Below are lines of data; restate word for word those running from the line containing "Verlag_WIRO_Wiedemann_Nr. 3139 Schneekopf" to the line containing "혼란 속에 한 선수가", inclusive, and no others.

**Given entries:**
■ ■ ■ ■ ■ ■ ■

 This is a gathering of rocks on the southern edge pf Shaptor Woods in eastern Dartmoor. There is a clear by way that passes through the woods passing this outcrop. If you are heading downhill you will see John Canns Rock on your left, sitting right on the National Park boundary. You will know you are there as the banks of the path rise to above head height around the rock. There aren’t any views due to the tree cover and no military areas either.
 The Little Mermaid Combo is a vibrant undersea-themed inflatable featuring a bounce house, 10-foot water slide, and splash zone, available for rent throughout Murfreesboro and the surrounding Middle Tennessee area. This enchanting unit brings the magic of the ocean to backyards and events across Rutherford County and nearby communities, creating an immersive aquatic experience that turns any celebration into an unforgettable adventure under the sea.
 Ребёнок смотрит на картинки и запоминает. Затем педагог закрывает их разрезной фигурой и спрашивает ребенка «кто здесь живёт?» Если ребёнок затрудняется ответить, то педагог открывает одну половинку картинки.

■ ■ ■ ■ ■ ■ ■

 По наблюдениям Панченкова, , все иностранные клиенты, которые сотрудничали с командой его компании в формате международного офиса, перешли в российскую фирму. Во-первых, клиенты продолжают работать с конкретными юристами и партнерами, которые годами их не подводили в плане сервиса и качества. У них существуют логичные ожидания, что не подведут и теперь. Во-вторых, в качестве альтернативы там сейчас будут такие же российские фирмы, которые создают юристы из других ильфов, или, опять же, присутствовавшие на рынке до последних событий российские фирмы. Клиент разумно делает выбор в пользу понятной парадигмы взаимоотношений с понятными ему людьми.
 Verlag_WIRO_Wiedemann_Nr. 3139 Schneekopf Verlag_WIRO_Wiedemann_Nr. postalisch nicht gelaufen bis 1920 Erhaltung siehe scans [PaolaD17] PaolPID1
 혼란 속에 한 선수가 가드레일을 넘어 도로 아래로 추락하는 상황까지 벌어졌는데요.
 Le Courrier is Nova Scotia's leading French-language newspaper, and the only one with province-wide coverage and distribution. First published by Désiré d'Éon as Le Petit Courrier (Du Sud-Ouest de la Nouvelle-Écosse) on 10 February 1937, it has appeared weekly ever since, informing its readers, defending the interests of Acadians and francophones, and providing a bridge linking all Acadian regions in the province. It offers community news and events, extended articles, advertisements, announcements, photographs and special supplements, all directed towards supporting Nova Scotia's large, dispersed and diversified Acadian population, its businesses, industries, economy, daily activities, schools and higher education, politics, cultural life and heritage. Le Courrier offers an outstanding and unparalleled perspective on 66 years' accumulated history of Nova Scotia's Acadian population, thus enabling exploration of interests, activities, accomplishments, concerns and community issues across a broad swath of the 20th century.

■ ■ ■ ■ ■ ■ ■

**Your solution:**
 Verlag_WIRO_Wiedemann_Nr. 3139 Schneekopf Verlag_WIRO_Wiedemann_Nr. postalisch nicht gelaufen bis 1920 Erhaltung siehe scans [PaolaD17] PaolPID1
 혼란 속에 한 선수가 가드레일을 넘어 도로 아래로 추락하는 상황까지 벌어졌는데요.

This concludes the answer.